[Aim of the exercise]: Which lines below contain "Anemone"? Pull them out.

[Data section]:

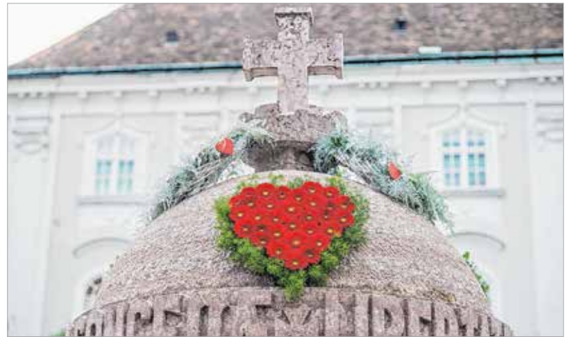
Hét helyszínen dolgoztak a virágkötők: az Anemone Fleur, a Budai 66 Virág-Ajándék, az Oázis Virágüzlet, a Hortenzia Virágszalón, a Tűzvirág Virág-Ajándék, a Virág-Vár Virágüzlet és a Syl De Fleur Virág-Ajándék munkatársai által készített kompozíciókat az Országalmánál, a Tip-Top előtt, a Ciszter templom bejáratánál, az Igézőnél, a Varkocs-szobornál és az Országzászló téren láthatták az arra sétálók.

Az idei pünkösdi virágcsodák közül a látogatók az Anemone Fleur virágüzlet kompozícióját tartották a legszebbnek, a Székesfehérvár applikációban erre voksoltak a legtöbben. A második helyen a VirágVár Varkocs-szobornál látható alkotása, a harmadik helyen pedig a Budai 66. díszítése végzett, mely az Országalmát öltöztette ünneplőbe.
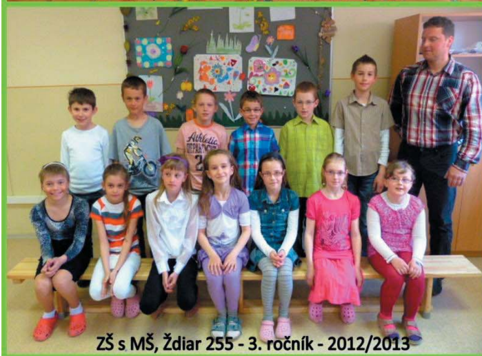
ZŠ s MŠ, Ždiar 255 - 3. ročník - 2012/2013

==

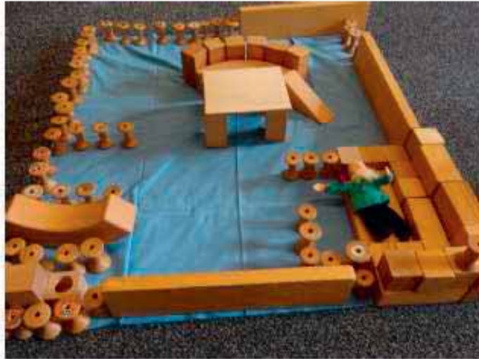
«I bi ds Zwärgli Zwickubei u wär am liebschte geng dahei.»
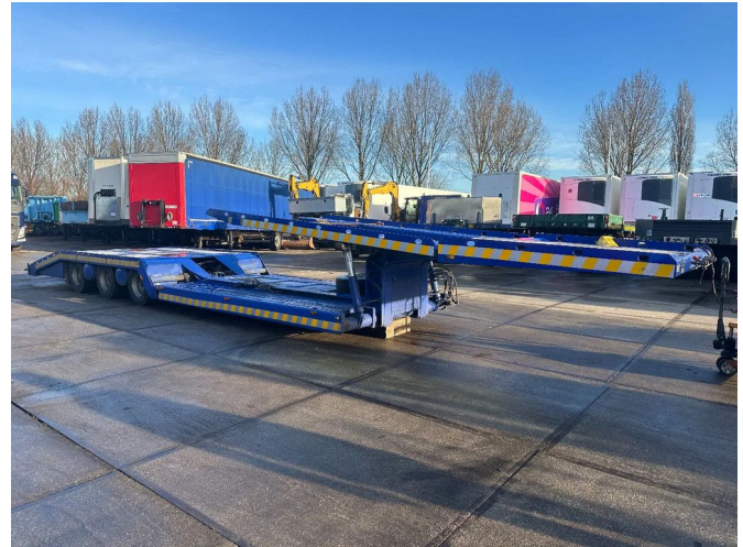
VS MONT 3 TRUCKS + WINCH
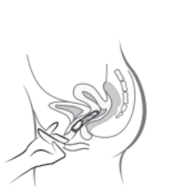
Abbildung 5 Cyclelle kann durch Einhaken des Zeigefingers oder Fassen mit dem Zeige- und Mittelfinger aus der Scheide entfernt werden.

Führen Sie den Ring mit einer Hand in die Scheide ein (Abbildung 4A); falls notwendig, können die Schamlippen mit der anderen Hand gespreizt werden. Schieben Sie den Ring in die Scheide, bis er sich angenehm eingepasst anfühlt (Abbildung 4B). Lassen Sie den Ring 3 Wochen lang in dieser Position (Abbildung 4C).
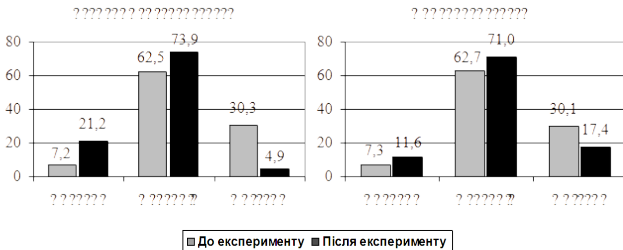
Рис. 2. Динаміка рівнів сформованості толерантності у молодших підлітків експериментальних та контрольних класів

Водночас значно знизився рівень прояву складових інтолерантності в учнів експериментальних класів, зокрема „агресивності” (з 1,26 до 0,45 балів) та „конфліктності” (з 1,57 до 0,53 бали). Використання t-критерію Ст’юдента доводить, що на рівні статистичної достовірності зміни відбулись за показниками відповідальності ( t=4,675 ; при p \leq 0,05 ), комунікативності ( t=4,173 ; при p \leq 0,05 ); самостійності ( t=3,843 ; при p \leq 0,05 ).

--

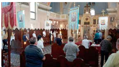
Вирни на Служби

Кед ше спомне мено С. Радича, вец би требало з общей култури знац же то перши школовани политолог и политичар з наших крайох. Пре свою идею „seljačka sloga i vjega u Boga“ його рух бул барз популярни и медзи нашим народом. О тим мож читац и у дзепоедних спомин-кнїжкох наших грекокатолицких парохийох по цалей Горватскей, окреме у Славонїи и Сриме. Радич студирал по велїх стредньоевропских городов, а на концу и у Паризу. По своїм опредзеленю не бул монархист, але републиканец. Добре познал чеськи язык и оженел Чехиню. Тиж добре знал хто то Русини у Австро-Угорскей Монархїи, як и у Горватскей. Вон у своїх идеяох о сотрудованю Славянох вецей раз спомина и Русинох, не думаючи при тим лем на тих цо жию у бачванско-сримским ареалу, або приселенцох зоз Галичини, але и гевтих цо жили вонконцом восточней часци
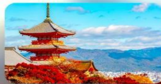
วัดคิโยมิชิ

[Worked solution]:
Hét helyszínen dolgoztak a virágkötők: az Anemone Fleur, a Budai 66 Virág-Ajándék, az Oázis Virágüzlet, a Hortenzia Virágszalón, a Tűzvirág Virág-Ajándék, a Virág-Vár Virágüzlet és a Syl De Fleur Virág-Ajándék munkatársai által készített kompozíciókat az Országalmánál, a Tip-Top előtt, a Ciszter templom bejáratánál, az Igézőnél, a Varkocs-szobornál és az Országzászló téren láthatták az arra sétálók.
Az idei pünkösdi virágcsodák közül a látogatók az Anemone Fleur virágüzlet kompozícióját tartották a legszebbnek, a Székesfehérvár applikációban erre voksoltak a legtöbben. A második helyen a VirágVár Varkocs-szobornál látható alkotása, a harmadik helyen pedig a Budai 66. díszítése végzett, mely az Országalmát öltöztette ünneplőbe.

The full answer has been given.